An International Socialist Congress

Title:     An International Socialist Congress
Author: Morley Roberts [More Titles by Roberts]

All Zurich turned out to see the procession that was a mile long and overlapped, and went past double, going opposite ways, and the skies were blue as amethyst, and the lake was like the heavens, while underfoot the white dust lay thick until the growing, hurrying crowd sent it flying. All trades, with banners and bands and emblems, were represented; there were iron workers, tin workers, gardeners, women and children. One beautiful young girl in a cap of liberty waved a red banner to Freedom among the applause of thousands. For there were eight thousand in the procession, and the spectators were the half of this busy Canton making Sunday holiday. At the end of the procession we rested in the Cantonal Schulplatz, and Grealig spoke, and then Volders, the violent, strong-voiced Belgian, who called for _la lutte_, and looked most capable of fighting. He is now dead.

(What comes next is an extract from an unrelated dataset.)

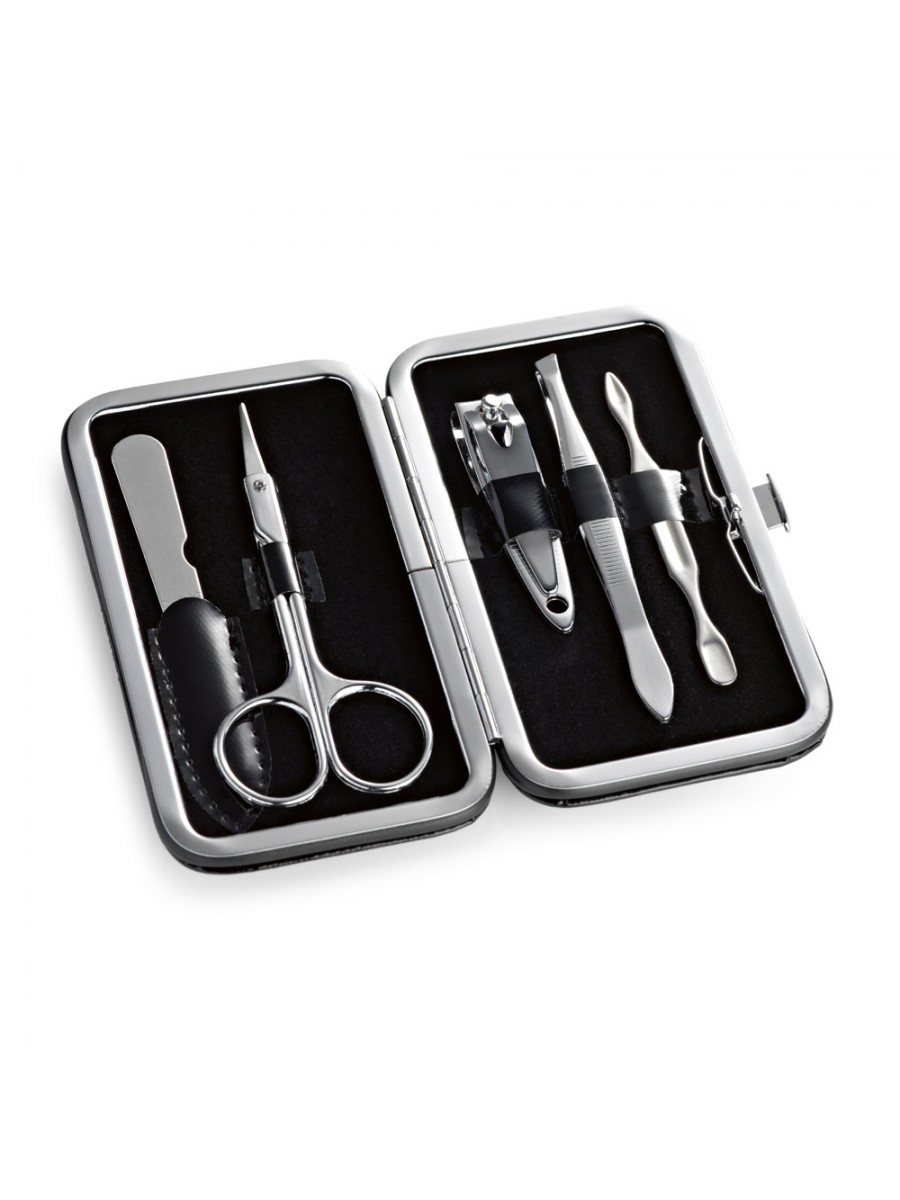 Set manicure di 5 pezzi con: lima, forbici, tagliaunghie, pinzette e spingi cuticole. Fornito in una custodia in PU. 110 x 65 x 20 mm

And on the morrow, at the opening of the many-tongued Congress, the fighting and confusion began and lasted a long, long time. For after some usual business and congratulations the usual fight about the Anarchists commenced. It all turned on the invitation, which was worded in a broad way, so broad as to catch the English Trades Unions, who fear Socialism as they do the devil, and thus let in Anarchists claiming to represent trades become corporate by union.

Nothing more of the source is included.